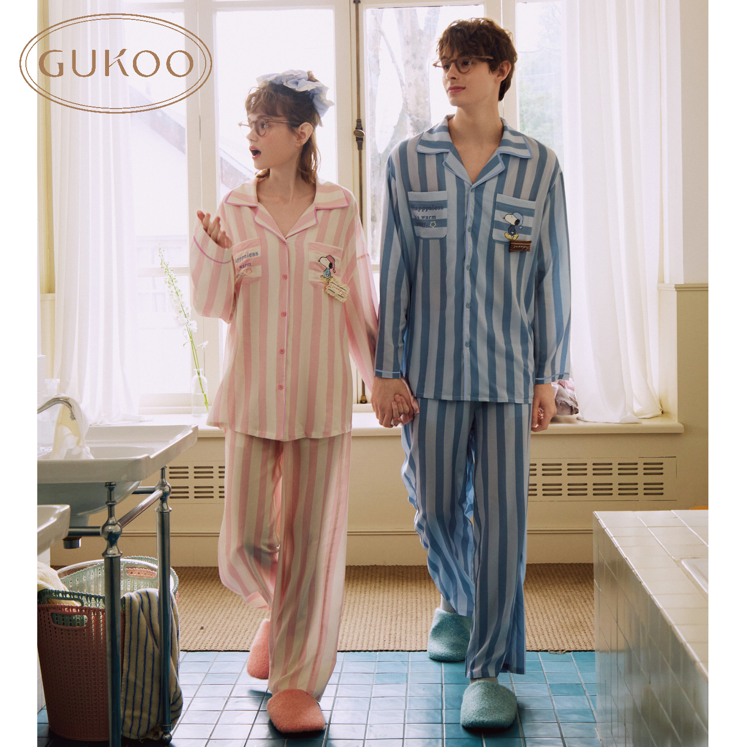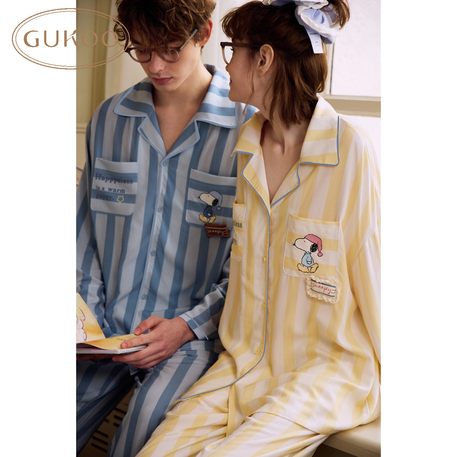 Gukoo/果壳情侣睡衣春秋款史努比联名新款条纹天丝女家居服套装A
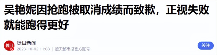 极目新闻|吴艳妮因抢跑被取消收货而致歉,正视失败就能跑得更好
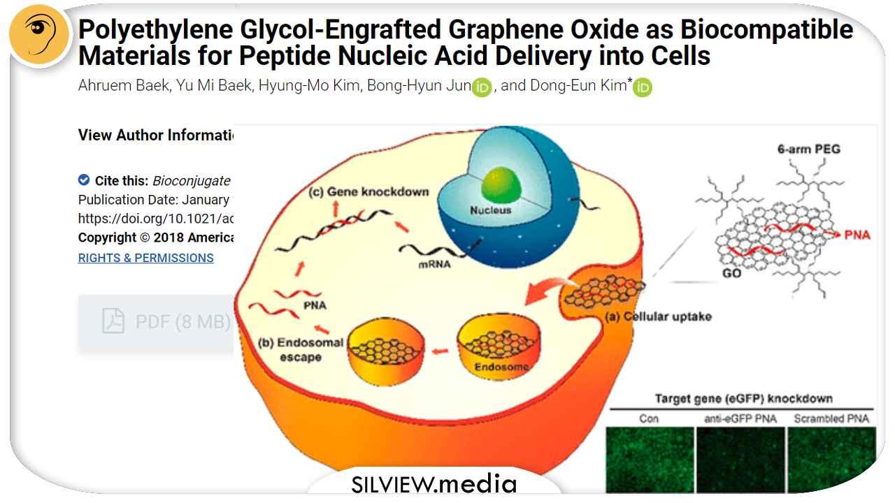 Graphene oxide (GO) is known to strongly bind single-stranded nucleic acids with fluorescence quenching near the GO surface. However, GO exhibits weak biocompatibility characteristics, such as low dispersibility in cell culture media and significant cytotoxicity. To improve dispersibility in cell culture media and cell viability of GO, we prepared nanosized GO (nGO) constructs and modified the nGO surface using polyethylene glycol (PEG-nGO). Single-stranded peptide nucleic acid (PNA) was adsorbed onto the PEG-nGO and was readily desorbed by adding complementary RNA or under low pH conditions. PNA adsorbed on the PEG-nGO was efficiently delivered into lung cancer cells via endocytosis without affecting cell viability. Furthermore, antisense PNA delivered using PEG-nGO effectively downregulated the expression of the target gene in cancer cells. Our results suggest that PEG-nGO is a biocompatible carrier useful for PNA delivery into cells and serves as a promising gene delivery tool.
◆ ◆ ◆ ◆ ◆ ◆ ◆
REQUIRED WORK: Retype all the data exactly, please, without pictures.

ANSWER BOX:
 Gukoo/果壳情侣睡衣春秋款史努比联名新款条纹天丝女家居服套装A
 极目新闻|吴艳妮因抢跑被取消收货而致歉,正视失败就能跑得更好
 Graphene oxide (GO) is known to strongly bind single-stranded nucleic acids with fluorescence quenching near the GO surface. However, GO exhibits weak biocompatibility characteristics, such as low dispersibility in cell culture media and significant cytotoxicity. To improve dispersibility in cell culture media and cell viability of GO, we prepared nanosized GO (nGO) constructs and modified the nGO surface using polyethylene glycol (PEG-nGO). Single-stranded peptide nucleic acid (PNA) was adsorbed onto the PEG-nGO and was readily desorbed by adding complementary RNA or under low pH conditions. PNA adsorbed on the PEG-nGO was efficiently delivered into lung cancer cells via endocytosis without affecting cell viability. Furthermore, antisense PNA delivered using PEG-nGO effectively downregulated the expression of the target gene in cancer cells. Our results suggest that PEG-nGO is a biocompatible carrier useful for PNA delivery into cells and serves as a promising gene delivery tool.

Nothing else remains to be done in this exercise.